Now, 2 guys in a 1500-lb plane make the entire District of Columbia quake like a bunch of weenies.

It’s refreshing, in a perverse sort of way, to see the jelly Our Rulers are made of. Maybe Americans will finally wake up to the fact that these cowards can’t conquer their own fears, let alone the deficit or The Plague of Underage Drinking. But it’s getting old. They ran from anthrax, they run from abandoned suitcases. Anyone who isn’t wearing pinstripes and a rep-stripe tie while gazing at the White House a tad too intently sets their craven hearts fluttering. It’s ridiculously easy to scare these fools: just cackle off-key when the president’s motorcade passes.

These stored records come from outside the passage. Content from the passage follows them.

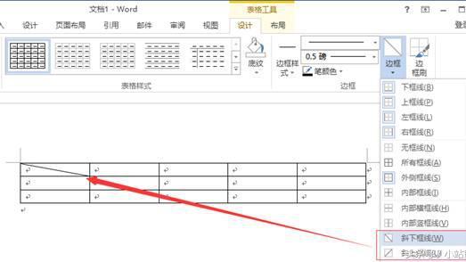 选中需要绘制斜线表头的空白单元格,继续选择“设计”——“表样式”选项组中——“边框”按钮——边框和底纹。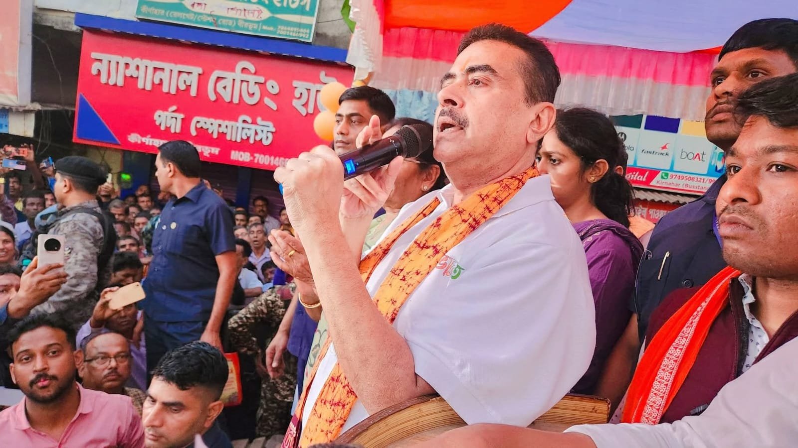 ভারতরত্ন সর্দার বল্লভভাই প্যাটেলের ১৫০তম জন্মজয়ন্তী উপলক্ষ্যে “এক ভারত আত্মনির্ভর ভারত” -এর লক্ষ্যে “একতা যাত্রা”য় যোগ দিতে মঙ্গলবার বীরভূমের কীর্ণাহারে আসেন শুভেন্দু অধিকারী। সঙ্গে ছিলেন দলের রাজ্য সাধারণ সম্পাদক জগন্নাথ চট্টোপাধ্যায়, বীরভূম ও বোলপুর সাংগঠনিক জেলা সভাপতি ধ্রুব সাহা এবং শ্যামাপদ মণ্ডল। প্রথমেই কির্ণাহার শহরে একটি শোভাযাত্রায় পা মেলান। কির্ণাহার ২ অঞ্চল অতিক্রম করার সময় তৃণমূলের কার্যালয় থেকে জয় বাংলা এবং চোর চোর স্লোগান দেওয়া হয়। যদিও সেদিকে কর্ণপাত করেননি শুভেন্দু অধিকারী।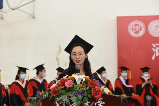 会中,博士毕业生代表王真真、硕士毕业生代表魏艺、本科毕业生代表张润晨,分享了他们在校期间成长的心路历程,学校厚重的文化底蕴对他们的影响,导师的博学包容成熟心智、拓展知识,让他们带着闪光的大学记忆不忘初心、秉持勇气与担当继续前行。在校生代表吕彦瑾、刘文分别发言,感谢学长学姐们关照他们的生活、为他们指引方向,并衷心祝愿前辈们前程似锦。教师代表副教授王玉珍给学生送上了三个箴言:心怀感恩、保持善良、努力奋进。辅导员代表吴磊分享了他与学生历历在目的难忘回忆,并希望毕业生们多一些友善和理解,常回家看看。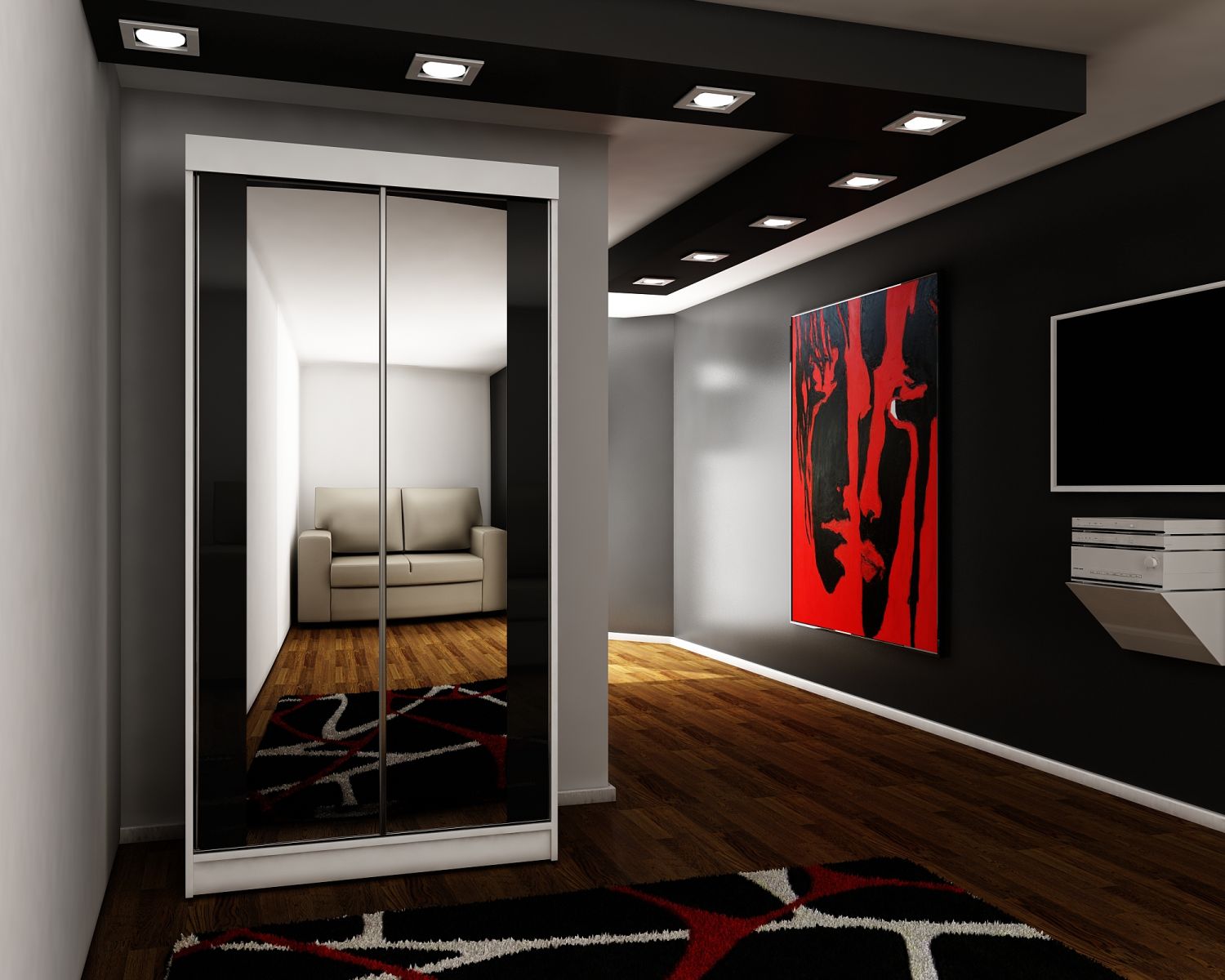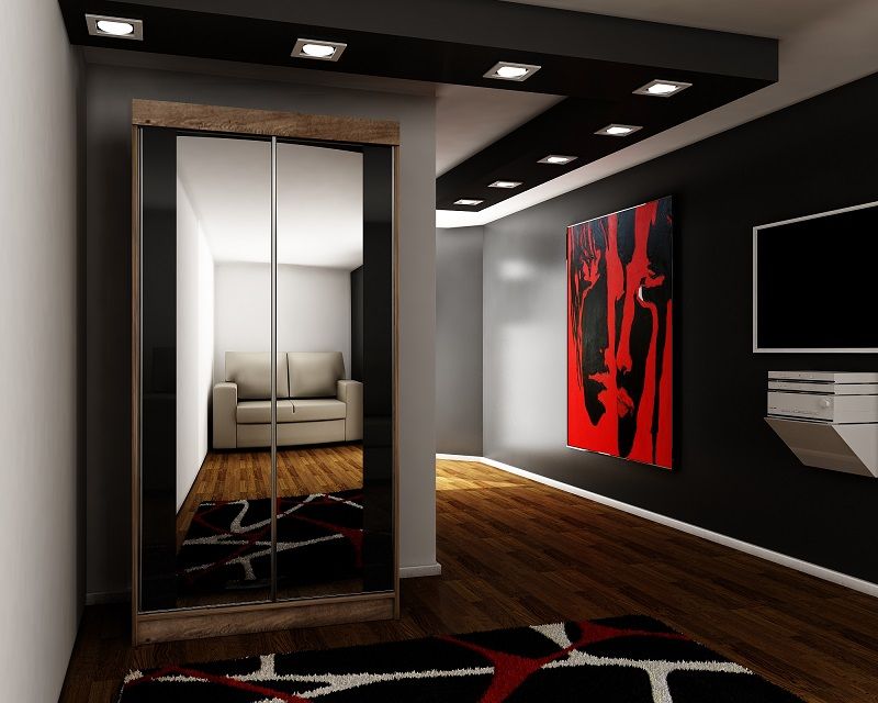 Szafa przesuwna SENSO 30 100 cm ze wstawkami dekoracyjnymi szklanymi i dwoma lustrami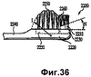 Фиг.36 – частичная боковая вертикальная проекция головки зубной щетки согласно настоящему изобретению, с изображением еще одной конфигурации щетины;

You’d think senators and Supreme Court justices, big boys all, would be ashamed to flee in front of the whole country. You’d think a couple of unarmed pilots would hardly merit tackling by 6 armed goons (on camera – God knows how many Ninjas actually surrounded the dos hombres out of camera range). You’d think at least a few of the goons would show some sporting instinct by refusing to gang up against two middle-aged pilots. Maybe they’d even joke with the pilots about asking for directions the next time. Instead, they wrestled them to the ground and handcuffed them, as though these fellows were actually dangerous instead of lost.

“We have to remember that we are a nation at war,” said Scott McClellan, the White House stooge – I mean, spokesman. “And there are still people that seek to do harm to the United States and seek to carry out attacks on the United States.” Duh, Scott. That’s what happens when you invade other countries and bomb the little bit of infrastructure they’d managed to accumulate. You might want to dig out your copy of the Constitution – you have one, right? – and see what it says about situations like this.

And, while you’re at it, find yer mommy. Yer nose needs wiped.